_EXERCISE DESCRIPTION_. Write out all of the entries exactly as given.

_EXCERPTED RECORDS_.

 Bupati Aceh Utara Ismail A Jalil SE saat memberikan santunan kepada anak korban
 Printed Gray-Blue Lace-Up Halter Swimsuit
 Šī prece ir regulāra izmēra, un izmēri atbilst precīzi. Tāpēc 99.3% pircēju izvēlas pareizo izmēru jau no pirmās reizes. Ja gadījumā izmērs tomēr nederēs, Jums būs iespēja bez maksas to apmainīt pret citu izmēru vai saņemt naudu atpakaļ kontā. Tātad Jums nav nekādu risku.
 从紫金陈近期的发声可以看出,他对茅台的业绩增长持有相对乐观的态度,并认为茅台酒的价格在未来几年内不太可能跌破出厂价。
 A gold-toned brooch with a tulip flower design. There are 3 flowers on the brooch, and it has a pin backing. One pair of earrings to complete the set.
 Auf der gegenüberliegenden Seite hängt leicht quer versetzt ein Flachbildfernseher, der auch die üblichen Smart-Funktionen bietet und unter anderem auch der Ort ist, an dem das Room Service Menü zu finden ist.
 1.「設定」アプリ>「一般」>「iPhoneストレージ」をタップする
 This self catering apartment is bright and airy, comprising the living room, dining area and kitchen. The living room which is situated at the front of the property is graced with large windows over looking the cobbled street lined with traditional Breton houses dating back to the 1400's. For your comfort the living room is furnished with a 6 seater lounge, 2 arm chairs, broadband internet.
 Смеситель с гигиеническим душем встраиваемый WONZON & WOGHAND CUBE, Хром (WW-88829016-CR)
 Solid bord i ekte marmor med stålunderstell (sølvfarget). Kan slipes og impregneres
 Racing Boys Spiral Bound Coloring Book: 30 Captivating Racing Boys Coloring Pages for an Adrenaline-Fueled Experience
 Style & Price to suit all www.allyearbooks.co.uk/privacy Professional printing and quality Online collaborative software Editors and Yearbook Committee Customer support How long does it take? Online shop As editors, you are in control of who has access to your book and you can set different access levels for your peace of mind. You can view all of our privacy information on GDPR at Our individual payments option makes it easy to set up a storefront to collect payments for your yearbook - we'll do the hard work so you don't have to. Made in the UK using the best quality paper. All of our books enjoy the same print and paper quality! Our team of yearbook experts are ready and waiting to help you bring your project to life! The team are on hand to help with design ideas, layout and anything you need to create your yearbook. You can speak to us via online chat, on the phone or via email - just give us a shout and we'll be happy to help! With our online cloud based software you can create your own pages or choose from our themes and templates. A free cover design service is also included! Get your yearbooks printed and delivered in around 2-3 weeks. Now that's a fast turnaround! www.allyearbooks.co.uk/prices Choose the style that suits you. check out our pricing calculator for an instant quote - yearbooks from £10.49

_ANSWER TO THE EXERCISE_.
 Bupati Aceh Utara Ismail A Jalil SE saat memberikan santunan kepada anak korban
 Printed Gray-Blue Lace-Up Halter Swimsuit
 Šī prece ir regulāra izmēra, un izmēri atbilst precīzi. Tāpēc 99.3% pircēju izvēlas pareizo izmēru jau no pirmās reizes. Ja gadījumā izmērs tomēr nederēs, Jums būs iespēja bez maksas to apmainīt pret citu izmēru vai saņemt naudu atpakaļ kontā. Tātad Jums nav nekādu risku.
 从紫金陈近期的发声可以看出,他对茅台的业绩增长持有相对乐观的态度,并认为茅台酒的价格在未来几年内不太可能跌破出厂价。
 A gold-toned brooch with a tulip flower design. There are 3 flowers on the brooch, and it has a pin backing. One pair of earrings to complete the set.
 Auf der gegenüberliegenden Seite hängt leicht quer versetzt ein Flachbildfernseher, der auch die üblichen Smart-Funktionen bietet und unter anderem auch der Ort ist, an dem das Room Service Menü zu finden ist.
 1.「設定」アプリ>「一般」>「iPhoneストレージ」をタップする
 This self catering apartment is bright and airy, comprising the living room, dining area and kitchen. The living room which is situated at the front of the property is graced with large windows over looking the cobbled street lined with traditional Breton houses dating back to the 1400's. For your comfort the living room is furnished with a 6 seater lounge, 2 arm chairs, broadband internet.
 Смеситель с гигиеническим душем встраиваемый WONZON & WOGHAND CUBE, Хром (WW-88829016-CR)
 Solid bord i ekte marmor med stålunderstell (sølvfarget). Kan slipes og impregneres
 Racing Boys Spiral Bound Coloring Book: 30 Captivating Racing Boys Coloring Pages for an Adrenaline-Fueled Experience
 Style & Price to suit all www.allyearbooks.co.uk/privacy Professional printing and quality Online collaborative software Editors and Yearbook Committee Customer support How long does it take? Online shop As editors, you are in control of who has access to your book and you can set different access levels for your peace of mind. You can view all of our privacy information on GDPR at Our individual payments option makes it easy to set up a storefront to collect payments for your yearbook - we'll do the hard work so you don't have to. Made in the UK using the best quality paper. All of our books enjoy the same print and paper quality! Our team of yearbook experts are ready and waiting to help you bring your project to life! The team are on hand to help with design ideas, layout and anything you need to create your yearbook. You can speak to us via online chat, on the phone or via email - just give us a shout and we'll be happy to help! With our online cloud based software you can create your own pages or choose from our themes and templates. A free cover design service is also included! Get your yearbooks printed and delivered in around 2-3 weeks. Now that's a fast turnaround! www.allyearbooks.co.uk/prices Choose the style that suits you. check out our pricing calculator for an instant quote - yearbooks from £10.49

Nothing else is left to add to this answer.